2. The condition variable itself needs a lock

The Condition has internal data that must be protected in case of concurrent waits/notifications. (Glancing at the CPython implementation, I see the possibility that two unsynchronized notify()s could erroneously target the same waiting thread, which could cause reduced throughput or even deadlock.) It could protect that data with a dedicated lock, of course; since we need a user-visible lock already, using that one avoids additional synchronization costs.

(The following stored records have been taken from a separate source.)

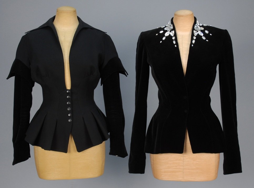SoldTHIERRY MUGLER WOOL JACKET and SKIRT SUITBoth black: zip-front jacket with zippered pockets having decorative pulls, peplum back with storm flap, B-38, Sh-20, Slv-23, W-32, L-27; skirt suit having curved lapel with cutout, faux pockets and dSee Sold Price
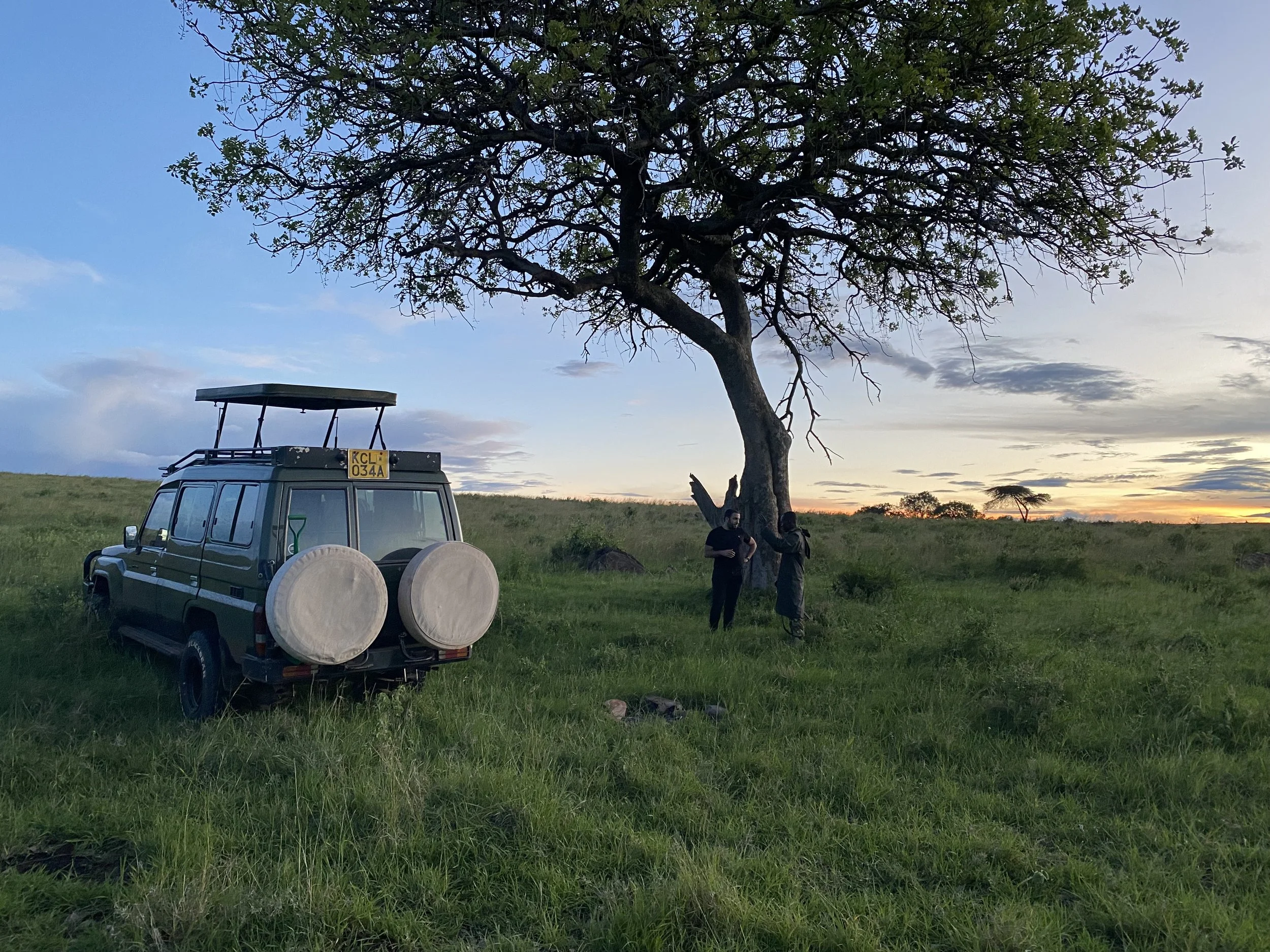 We’ve been told that Sand River is the best public campsite, we we drove there. We arrived barely at dusk. Driving is not allowed after sunset in the Maasai Mara. So we did not have time .
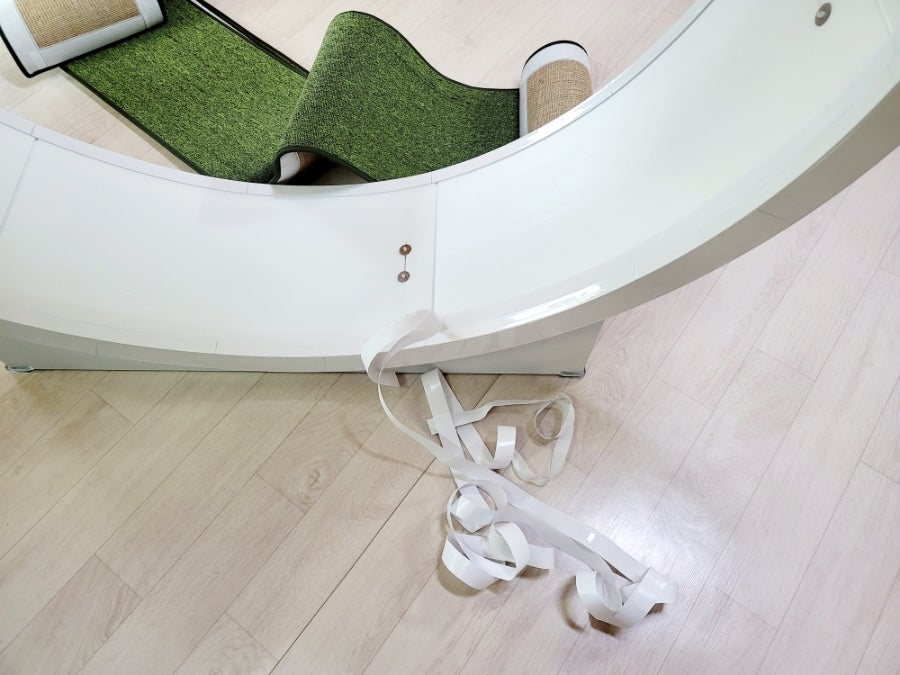 예민한 고양이들을 위해서, 캣휠의 바퀴 소음을 축소시킬 수 있는 소음방지부직포도 바퀴에 붙여준다.

3. Multiple wake conditions can need the lock

(Adapted from a comment on the blog post linked below.)

def setSignal(box,cv):
  signal=False
  with cv:
    if not box.val:
      box.val=True
      signal=True
  if signal: cv.notifyUnlocked()
def waitFor(box,v,cv):
  v=bool(v)   # to use ==
  while True:
    with cv:
      if box.val==v: break
      cv.wait()

Suppose box.val is False and thread #1 is waiting in waitFor(box,True,cv). Thread #2 calls setSignal; when it releases cv, #1 is still blocked on the condition. Thread #3 then calls waitFor(box,False,cv), finds that box.val is True, and waits. Then #2 calls notify(), waking #3, which is still unsatisfied and blocks again. Now #1 and #3 are both waiting, despite the fact that one of them must have its condition satisfied.

def setTrue(box,cv):
  with cv:
    if not box.val:
      box.val=True
      cv.notify()

Now that situation cannot arise: either #3 arrives before the update and never waits, or it arrives during or after the update and has not yet waited, guaranteeing that the notification goes to #1, which returns from waitFor.

4. The hardware might need a lock

With wait morphing and no GIL (in some alternate or future implementation of Python), the memory ordering (cf. Java's rules) imposed by the lock-release after notify() and the lock-acquire on return from wait() might be the only guarantee of the notifying thread's updates being visible to the waiting thread.

5. Real-time systems might need it

Immediately after the POSIX text you quoted we find:

however, if predictable scheduling behavior is required, then that mutex shall be locked by the thread calling pthread_cond_broadcast() or pthread_cond_signal().

One blog post contains further discussion of the rationale and history of this recommendation (as well as of some of the other issues here).